To me, this is a good start, and I have already used the plane sweep approach to do some analysis work. I could probably speed it up even more by allowing the use of pre-sorted files. However, there are quite a few caveats:

  1. This is a very specific set of conditions. Before we could conclusively say the plane sweep approach was faster, there are lots of other conditions I would need to test:
    • Different sizes of intervals.
    • Many intervals within each group that overlap each other.
    • Interval sizes that vary wildly within (and between) the groups.
  2. There is a lot of tuning possible on the structure of the interval trees that will affect performance.
  3. I’m not entirely comfortable with the reliance on coordinates in alphanumeric order here. It probably needs more error checking to make sure it reports if something goes wrong with that.
  4. As I mentioned, the way this should be used is different to the interval tree approach. With the csp6i sites, I usually want to look at a 4C read and say “is it near a csp6i site?” interval trees are a natural fit for this – I just query the tree, based on some tolerance for how near the site should be, and if I get any hits then I can act on those. To use the plane sweep approach, I need to change the layout of my code slightly to look for the presence of the read in the list of returned overlaps. I would also need to add an extra wrapper to generate intervals to take account of the tolerance I want to use. These are not insurmountable obstacles, but the plane sweep is not a drop-in replacement for the interval tree approach.
  5. Although comparing two sets of intervals is the basic use case, you always have to be wary of a one-size-fits-all approach. The plane sweep might be quicker for a pair of interval sets like this but, again with respect to the csp6i example, I might want to load the csp6i sites into a set of interval trees, and then query a list of 4C read-sets (lanes) against the tree. With only a few lanes of 4C, the plane sweep will probably still be quicker. How many lanes would I need before the interval tree approach becomes quicker again?

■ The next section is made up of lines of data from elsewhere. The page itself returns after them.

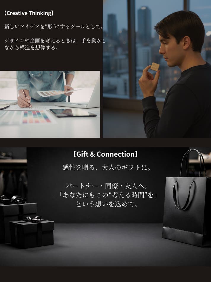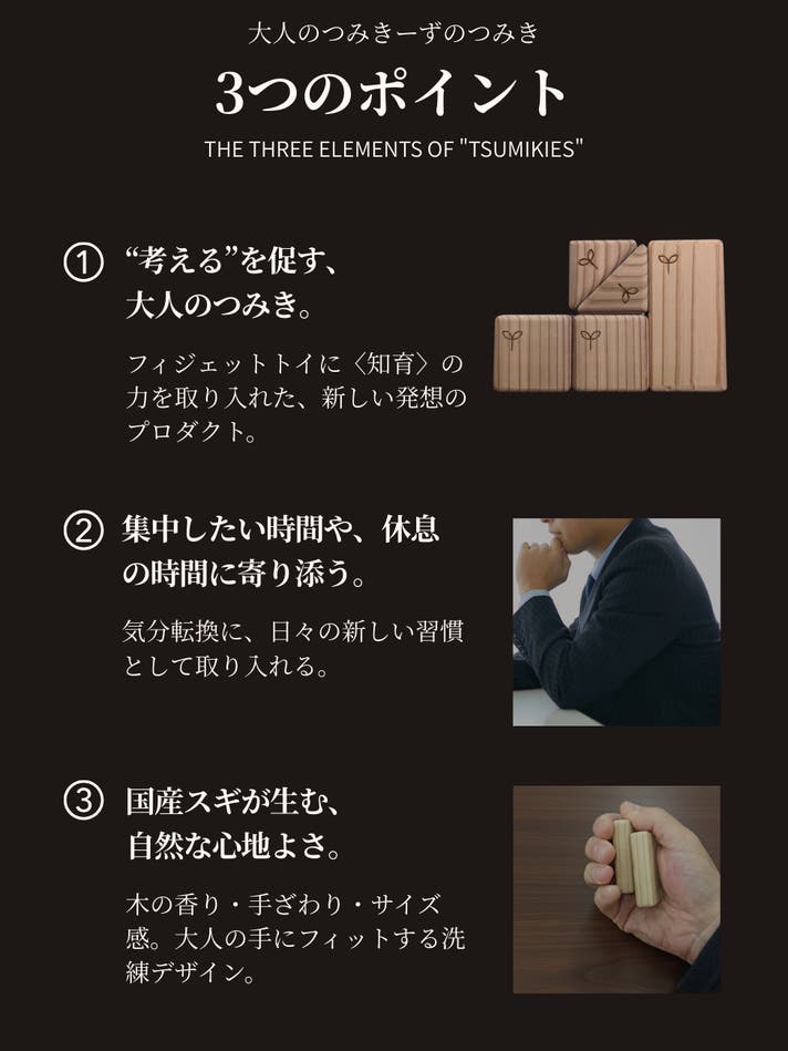 - フィジェットトイに、ココロのチカラ(知育の効果)を取り入れた全くあたらしい大人のつみきが誕生!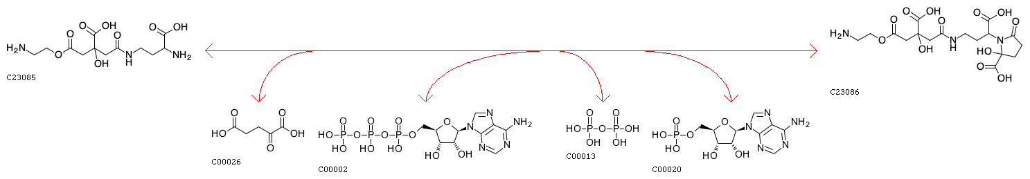 Diaminobutyryl-citryl-ethanolamine + 2-Oxoglutarate + ATP <=> alpha-Ketoglutaryl-diaminobutyryl-citryl-ethanolamine + Diphosphate + AMP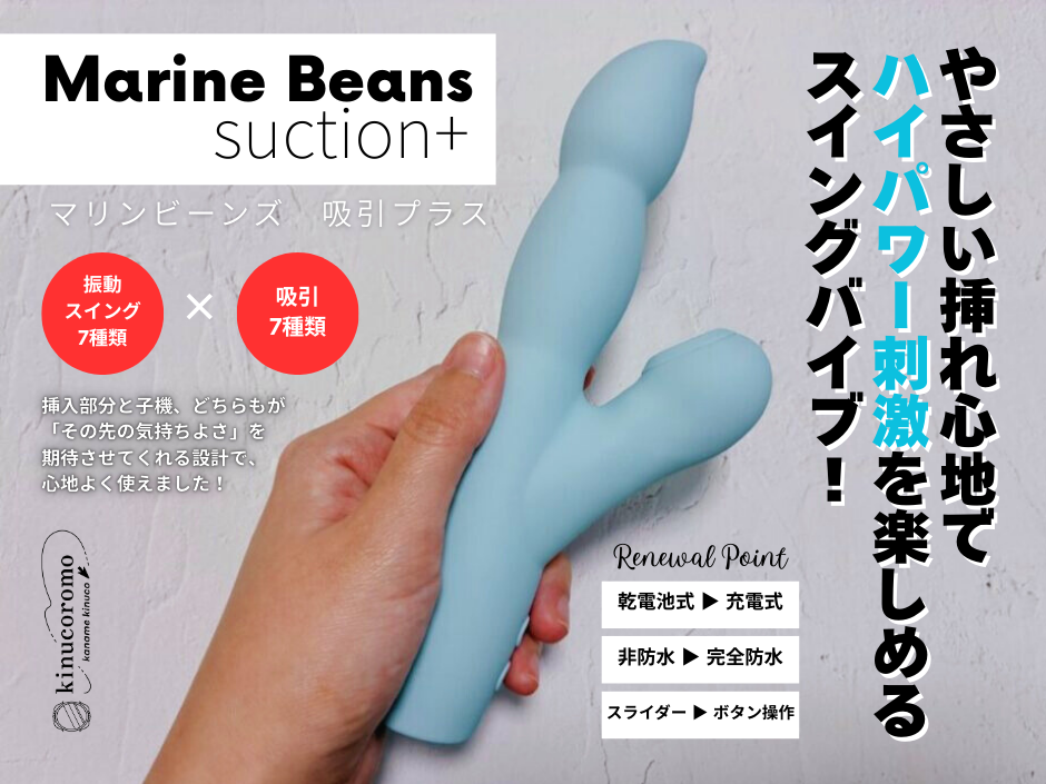 スイングと振動を楽しめる電池式バイブ「マリンビーンズ」の進化版であることから、この商品名となっています。

I guess for me the biggest caveat is that the plane sweep approach is more complex and is therefore more susceptible to edge cases and programmer error. The GIT method is mature and I trust it, so I will probably have more anxiety about the PS for a while. Still, these preliminary results look promising.

I would also be interested to implement a multi-way plane sweep that overlaps several sets of intervals against a reference set. Maybe this would be quicker than building a tree for the reference set and comparing the others – something I still do very often.